**Prompt**.
Please write out every line of the material, leaving out any picture.

**Source material**.

· · · ·

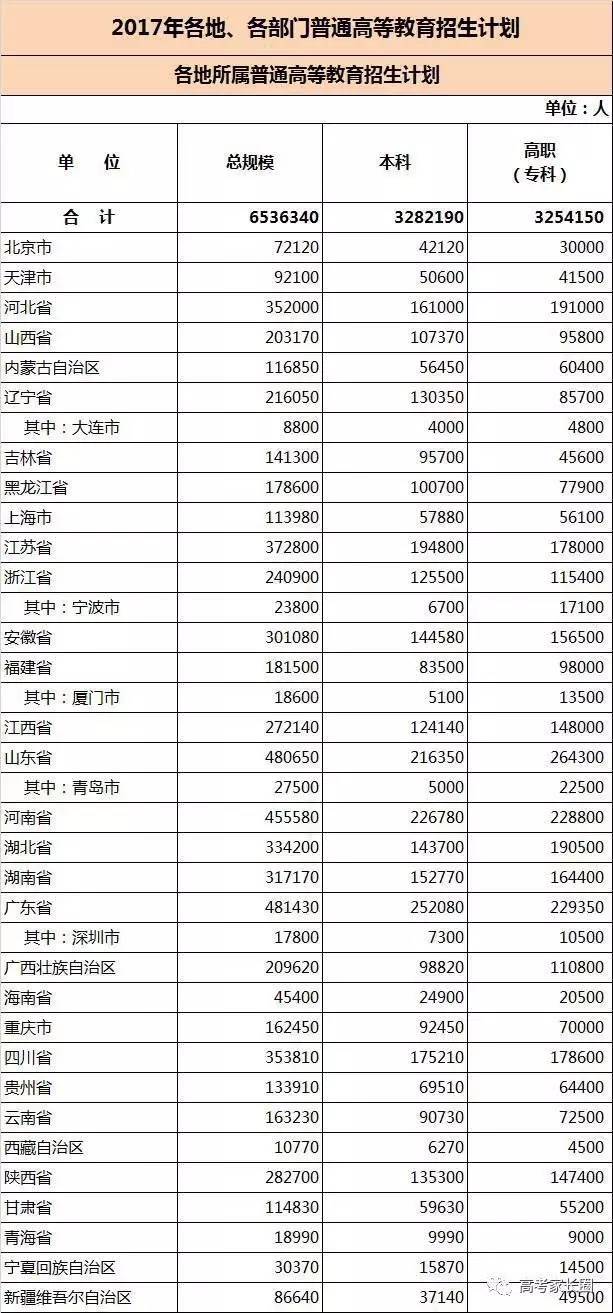 從隸屬關(guān)系看,全國普通高校招生計劃分為中央部門所屬高校招生計劃和地方所屬高校招生計劃。
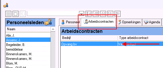 Klik op het tabblad Arbeidscontracten van de medewerker en selecteer het desbetreffende Arbeidscontract.
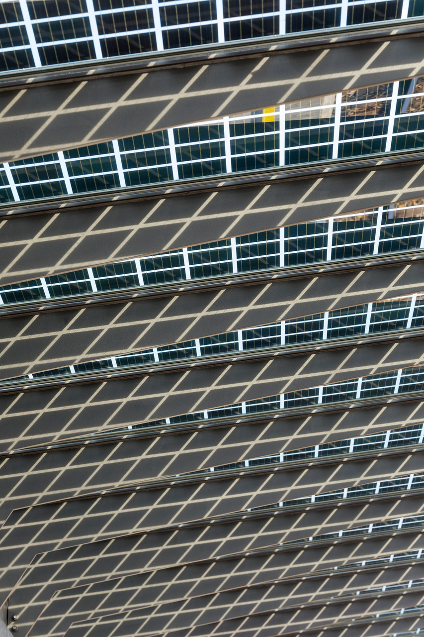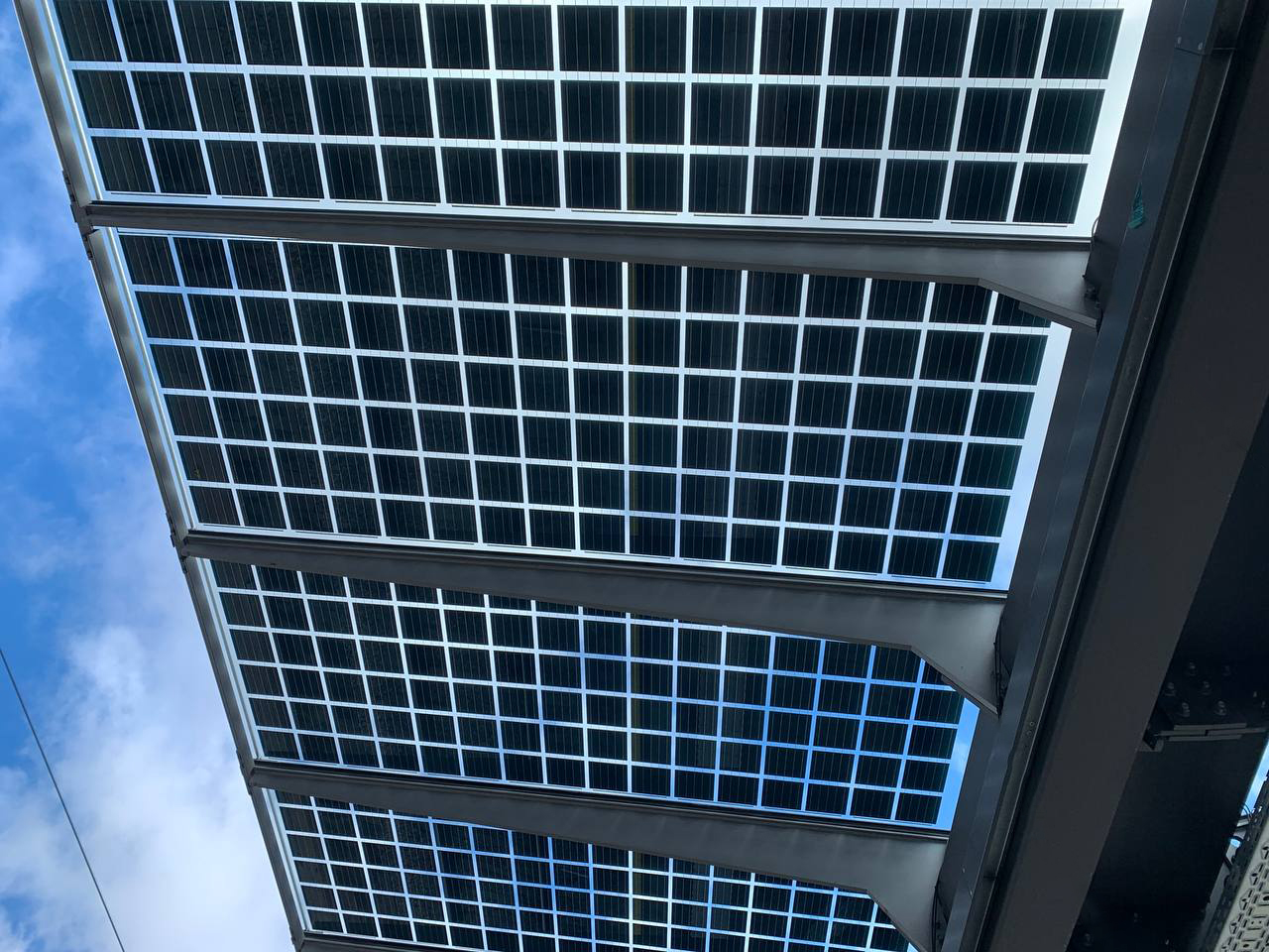 Für die zweiflügeligen PV-Dächer wurden bifaziale, monokristalline PV-Module verwendet. Sie bestehen aus 46 Paneelen von 3,18 x 1,16 m und zwei Paneelen von 2,66 x 1,16 m. Das kompliziertere Oberlicht setzt sich zusammen aus 95 Paneelen mit 2,4 x 1,06 und 19 Paneelen mit 2,4 x 0,07-1,062 m.

· · · ·

**Finished task**.
 從隸屬關(guān)系看,全國普通高校招生計劃分為中央部門所屬高校招生計劃和地方所屬高校招生計劃。
 Klik op het tabblad Arbeidscontracten van de medewerker en selecteer het desbetreffende Arbeidscontract.
 Für die zweiflügeligen PV-Dächer wurden bifaziale, monokristalline PV-Module verwendet. Sie bestehen aus 46 Paneelen von 3,18 x 1,16 m und zwei Paneelen von 2,66 x 1,16 m. Das kompliziertere Oberlicht setzt sich zusammen aus 95 Paneelen mit 2,4 x 1,06 und 19 Paneelen mit 2,4 x 0,07-1,062 m.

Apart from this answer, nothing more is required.